The catalytic hydrogenation evaluation of VR was conducted in an autoclave with H₂ at 7 MPa and 425 °C for 1 h. The pressure drop curve illustrates the H₂ consumption in the reaction system within 1 h (Fig. S12, ESI†). The Mo SAs–MoS₂ catalyst produced the maximum pressure drop, indicating the maximum hydrogen consumption among all the catalysts. Fig. 4a illustrates the distribution of the product fractions obtained using different catalysts for the hydrogenation of VR. In the absence of a catalyst, coke formation (9.5 wt%) and gas formation (9.4 wt%) were detected.
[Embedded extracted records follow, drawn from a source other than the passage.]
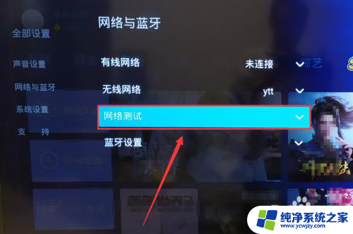 8.返回“网络与蓝牙”页面后,用遥控器把高亮块移动到“网络测试”项上。并按确定键。见下图
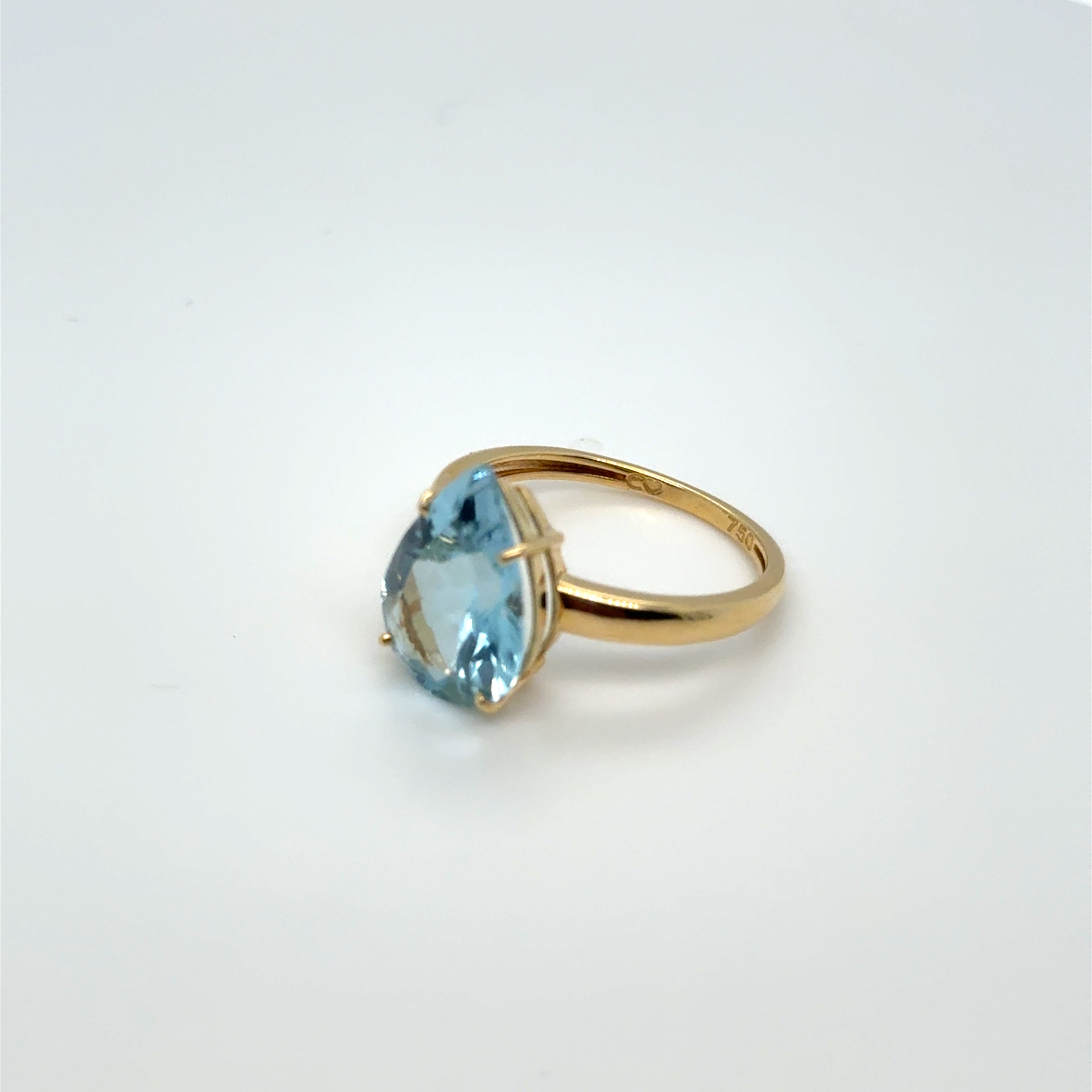 Anel com Topázio Azul Natural Lapidação Gota
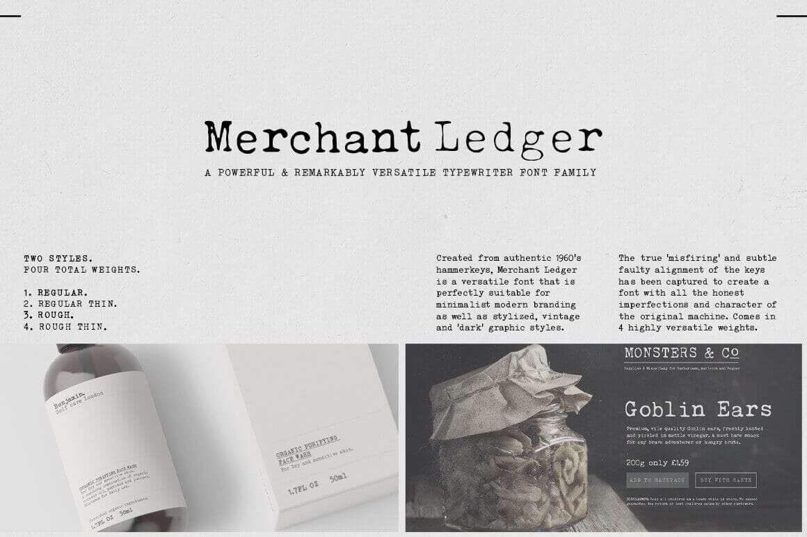 There are few fonts that are more versatile than typewriter fonts. From modern minimal branding to dark and gritty posters, a typewriter font can effectively do it all. So, say hello to Merchant Ledger! Developed from authentic typewriter hammer keys, this typeface comes in two styles (clean and rough), each in two weights (regular and thin). The result is a small family of remarkable versatility.

The Mo SAs–MoS₂ catalyst showed the best coke inhibition performance, with the lowest coke yield of 0.6 wt%, which was lower than that of the Mo SAs (0.8 wt%), and carbon-supported MoS₂ catalysts (C-MoS₂-1 with a coke yield of 6.3 wt% and C-MoS₂-2 with 5.9 wt%), respectively. The liquid product yield and VR conversion (Fig. 4b) could be obtained by analyzing the obtained products in Fig. 4a. Mo SAs–MoS₂ exhibited an excellent liquid product yield and per pass conversion of VR of 92 wt% and 66 wt%, respectively. Mo SAs (Fig. S13 and S14, ESI†) also showed good product yields, but slightly inferior to Mo SAs–MoS₂. C-MoS₂-1 and C-MoS₂-2 with poor activity showed lower liquid product yields.

Fig. 4 Hydrogenation performance and mechanism of Mo SAs–MoS₂ in the VR slurry phase at 698 K. (a) Yield of different products. (b) Liquid product yields, VR conversion, and TOF_T. (c) Anthracene hydrogenation performance tests in the slurry phase, including anthracene conversion and product selectivity. In situ DRIFTS spectra in H₂ for (d) Mo SAs–Mo Cs. (e) Theoretical peaks of the dissociative adsorption of H on the Mo site and S site at 698 K obtained through AIMD simulation. (f) Mo SAs–MoS₂. Comparison of the Mo SAs–Mo Cs precursor and Mo SAs–MoS₂ catalysts. (g) Mass spectrum. (h) H₂-TPR. (i) PPMS.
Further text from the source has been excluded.